The show wants to say something about Britain now. And given your films with Ken Loach, there was a political thread to your career early on. What’s it like being in a social-commentary drama about the UK now that you don’t live there any more?

Well, you know, I go back and forward between Glasgow and Vancouver. As the very beginning of the film says, it’s seven prime ministers later, eight innovation schemes later – has anything changed? And the answer is absolutely not. There’s been, it seems, 150 years of austerity in the UK with Conservative rule, and there’s a scar through the country because of that. And that was one of the reasons I was interested in doing it, because Simon Beaufoy is a wonderful writer. It’s political, but it doesn’t bang it on the head. It makes the point.
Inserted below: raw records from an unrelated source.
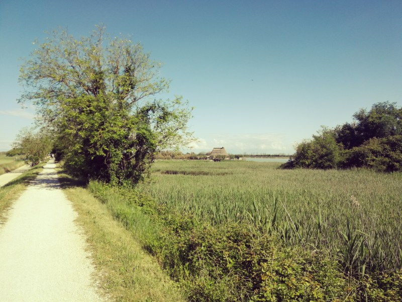Dopo circa 2 km, all’altezza dell’azienda turistico-venatoria Falconera, il percorso prosegue verso sinistra lasciandosi alle spalle il fiume Nicesolo e inizia a costeggiare il canale Saetta. Prima di proseguire, vale la pena fermarsi e depositare la bicicletta per percorrere a piedi il sentiero che porta, in direzione del fiume Nicesolo, all’isola dei pescatori.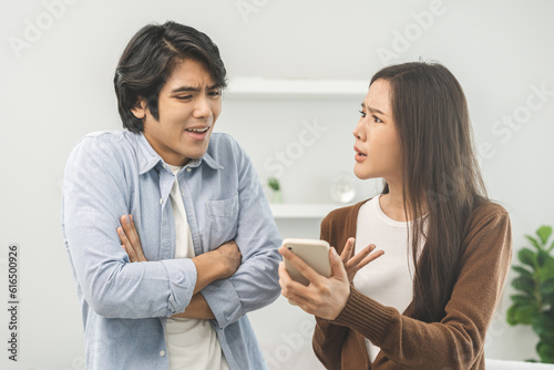 Infidelity, suspicion asian young couple love fight relationship, wife holding cellphone, smartphone cheating on phone, scolding husband about mistrust, distrust and jealousy when sitting at home.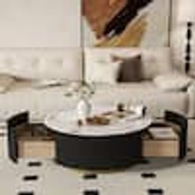 Modern Round Lift-Top Coffee Table Set with Storage & 3 ...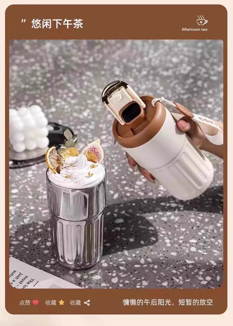 새로운 스타일 간단한 스테인레스 스틸 보온병 컵 홈 오피스 커피 컵 끈 높은 색상 가치 휴대용 손 선물 컵스토어 가기

I’ve done two films with Ken and a couple of others that were social-commentary films … I enjoy that world. Low-budget independent stuff has always been what I am about. The interesting thing about these eight episodes [is that] back in the 90s, they could have been eight indie films. But we don’t really make those kinds of films any more. I can’t remember the last UK film that focused on a working-class subject.

Is there another 1990s character you want to revive? Hamish Macbeth [the Highlands constable he played in the show of the same name], perhaps?

Ha ha. You’ve got to draw a line somewhere.

The Full Monty, Disney+ from June 14.